Task goal: With images removed, transcribe each record exactly as it appears.

(Stored entries)

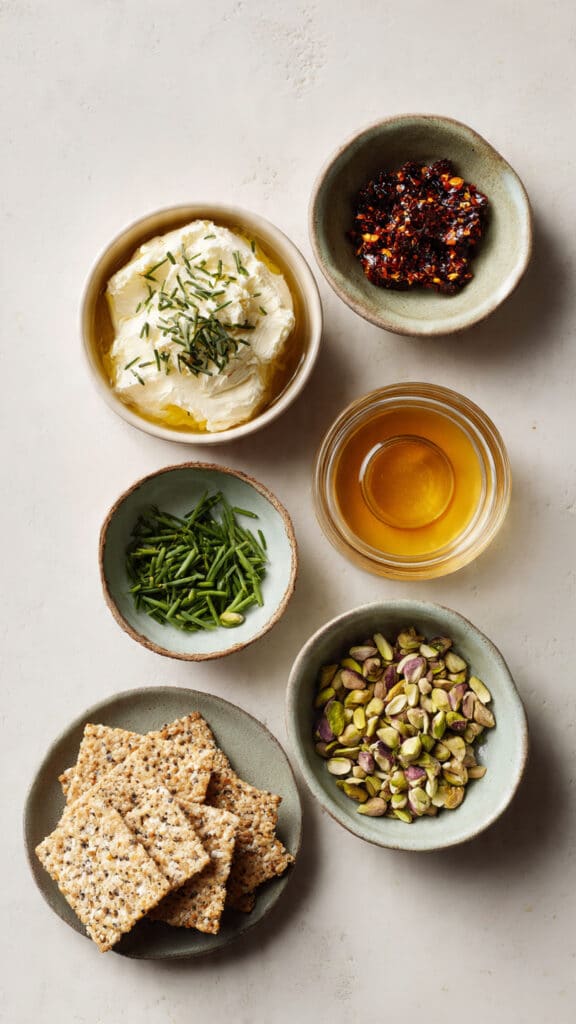 This dip succeeds because of balance. The cheese gives velvety creaminess. Chili crisp adds crunch and spice. Honey adds smooth sweetness, and pistachios bring nutty texture. Chives provide a bright, fresh finishing note. Every bite is a blend of soft, crunchy, sweet, and savory.
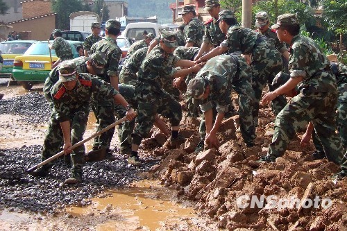 云南省曲靖市馬龍縣境內(nèi)近日突降特大暴雨,連續(xù)7個小時的強(qiáng)降雨造成該縣縣城被淹,4個鄉(xiāng)鎮(zhèn)11個村委會100多個自然村5萬多人受災(zāi),1人死亡,165人受傷,4000多人被困。武警云南總隊(duì)曲靖支隊(duì)200名官兵第一時間展開救援。圖為清理淤泥。 中新社發(fā) 陳世亮 攝
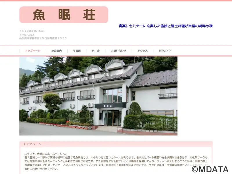 富士西湖の湖畔にある地元料理が自慢の音楽合宿・セミナーに最適な宿泊施設。グランドピアノがあり総合練習や全体会議に最適な最も広い「第1ホール」、中規模で、パート練習やグループ研修に適している「第2ホール」、畳でゆったりとした研修や夜のパーティーなどにも使用できる「第3ホール」が用意されている。全客室にテレビと冷暖房完備、ジェットバス付きの浴場が2つあり。最大宿泊人数120名。学生合宿などの全館貸切も可能。
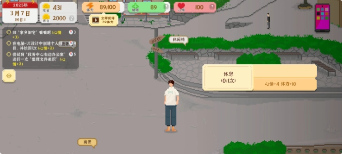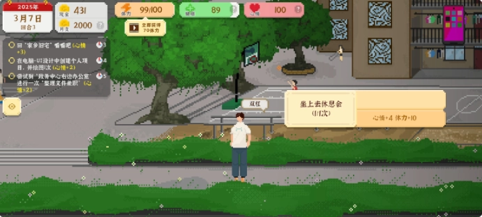 6、高级中学:在高级中学内有两个恢复体力的地方,一个是右侧的休闲椅,通过交互后可以恢复10体力和4心情;另外一个是左边的双杠,交互后有概率获得10体力。
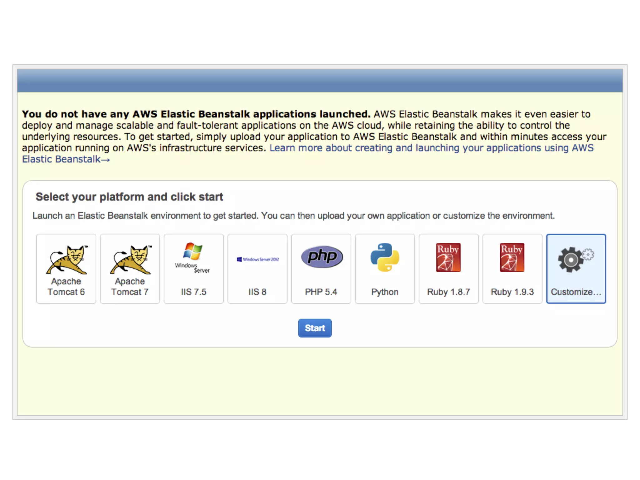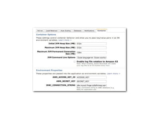 続きはWebで AWS資料より抜粋 http://www.slideshare.net/AmazonWebServicesJapan/getting-startedwithbeanstalk-20130111
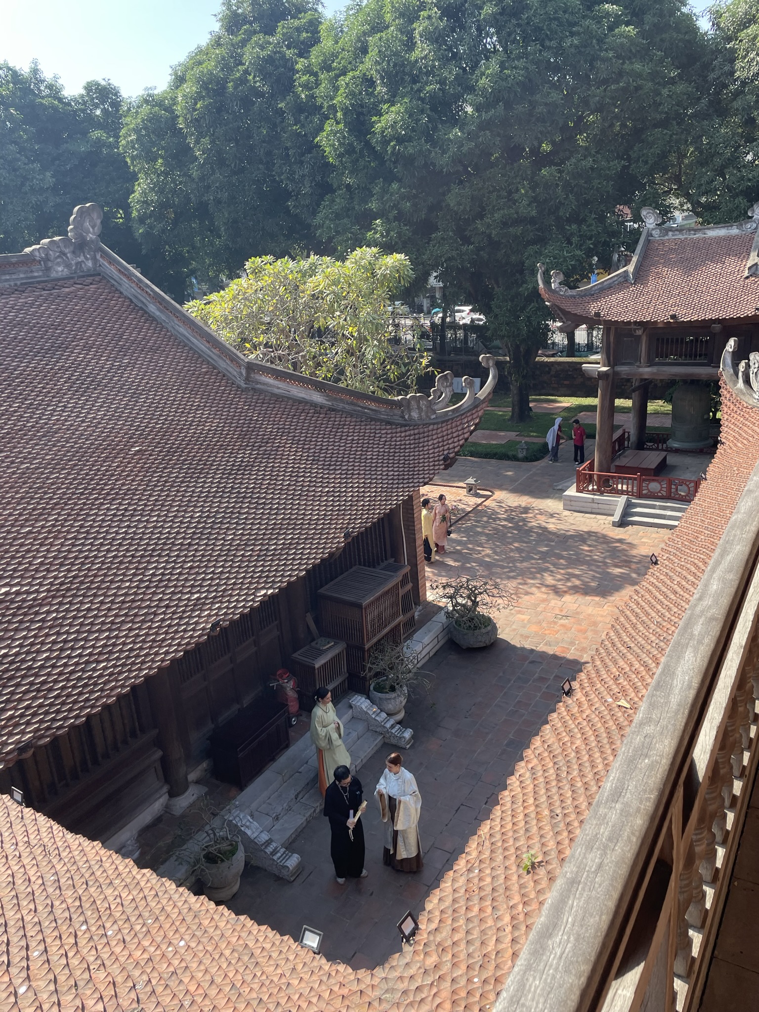 Walking through the city near Ba Dinh Square eventually led us to Van Dieu, known in English as the Temple of Literature. Van Dieu is a thousand-year old complex dedicated to the value of education and, to a degree, service of the state and testament to self improvement. Behind the complex’s walls, a restorative green space houses a temple with a series of courtyards. Each is enclosed and marked by a number of gates: a central gate for those who had proven their worth, and side gates for the aspiring students. The students, having succeeded in a series of grueling exams in their home town and provinces, arrived to the capital for the fifth, and final, imperial exam. This is the one that would determine the fate of their career path, potentially serving as mandarins for the imperial court or administrators across the realm. When it was time for the exam, the courtyards of Van Dieu would fill with low bamboo platforms, covered over by an arching roof. Each student would have one to themselves, fitted with paper, brush and an inkstone, where they were sequestered to test their learning.
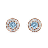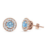 CZ & Blue Sapphire CZ Rose Tone Silver
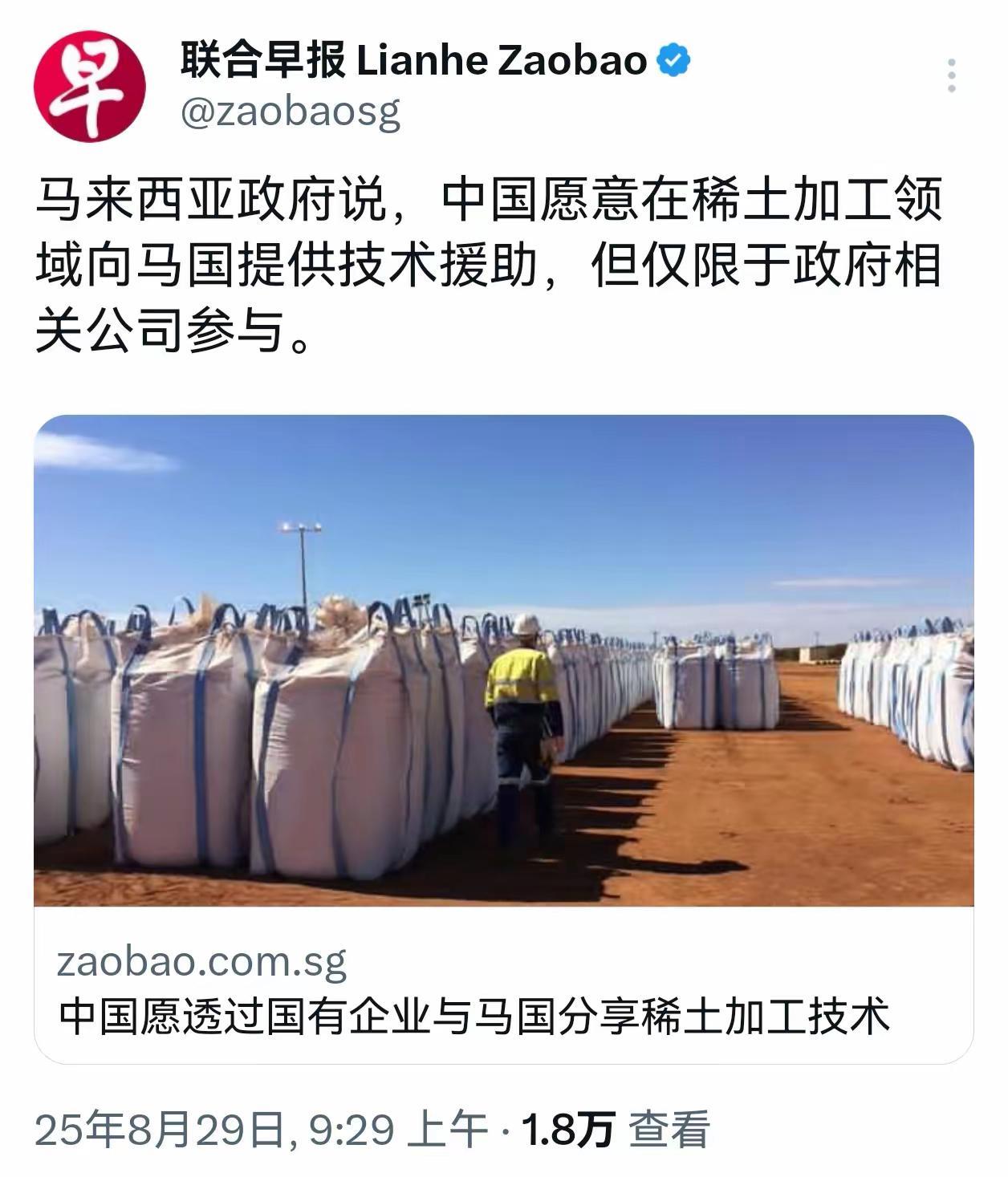 马来西亚“杀熟”,狮子大开口想要中国稀土技术! 马来西亚政府人士声称中国愿意在稀

Reply to the exercise:
 This dip succeeds because of balance. The cheese gives velvety creaminess. Chili crisp adds crunch and spice. Honey adds smooth sweetness, and pistachios bring nutty texture. Chives provide a bright, fresh finishing note. Every bite is a blend of soft, crunchy, sweet, and savory.
 云南省曲靖市馬龍縣境內(nèi)近日突降特大暴雨,連續(xù)7個小時的強(qiáng)降雨造成該縣縣城被淹,4個鄉(xiāng)鎮(zhèn)11個村委會100多個自然村5萬多人受災(zāi),1人死亡,165人受傷,4000多人被困。武警云南總隊(duì)曲靖支隊(duì)200名官兵第一時間展開救援。圖為清理淤泥。 中新社發(fā) 陳世亮 攝
 富士西湖の湖畔にある地元料理が自慢の音楽合宿・セミナーに最適な宿泊施設。グランドピアノがあり総合練習や全体会議に最適な最も広い「第1ホール」、中規模で、パート練習やグループ研修に適している「第2ホール」、畳でゆったりとした研修や夜のパーティーなどにも使用できる「第3ホール」が用意されている。全客室にテレビと冷暖房完備、ジェットバス付きの浴場が2つあり。最大宿泊人数120名。学生合宿などの全館貸切も可能。
 6、高级中学:在高级中学内有两个恢复体力的地方,一个是右侧的休闲椅,通过交互后可以恢复10体力和4心情;另外一个是左边的双杠,交互后有概率获得10体力。
 続きはWebで AWS資料より抜粋 http://www.slideshare.net/AmazonWebServicesJapan/getting-startedwithbeanstalk-20130111
 Walking through the city near Ba Dinh Square eventually led us to Van Dieu, known in English as the Temple of Literature. Van Dieu is a thousand-year old complex dedicated to the value of education and, to a degree, service of the state and testament to self improvement. Behind the complex’s walls, a restorative green space houses a temple with a series of courtyards. Each is enclosed and marked by a number of gates: a central gate for those who had proven their worth, and side gates for the aspiring students. The students, having succeeded in a series of grueling exams in their home town and provinces, arrived to the capital for the fifth, and final, imperial exam. This is the one that would determine the fate of their career path, potentially serving as mandarins for the imperial court or administrators across the realm. When it was time for the exam, the courtyards of Van Dieu would fill with low bamboo platforms, covered over by an arching roof. Each student would have one to themselves, fitted with paper, brush and an inkstone, where they were sequestered to test their learning.
 CZ & Blue Sapphire CZ Rose Tone Silver
 马来西亚“杀熟”,狮子大开口想要中国稀土技术! 马来西亚政府人士声称中国愿意在稀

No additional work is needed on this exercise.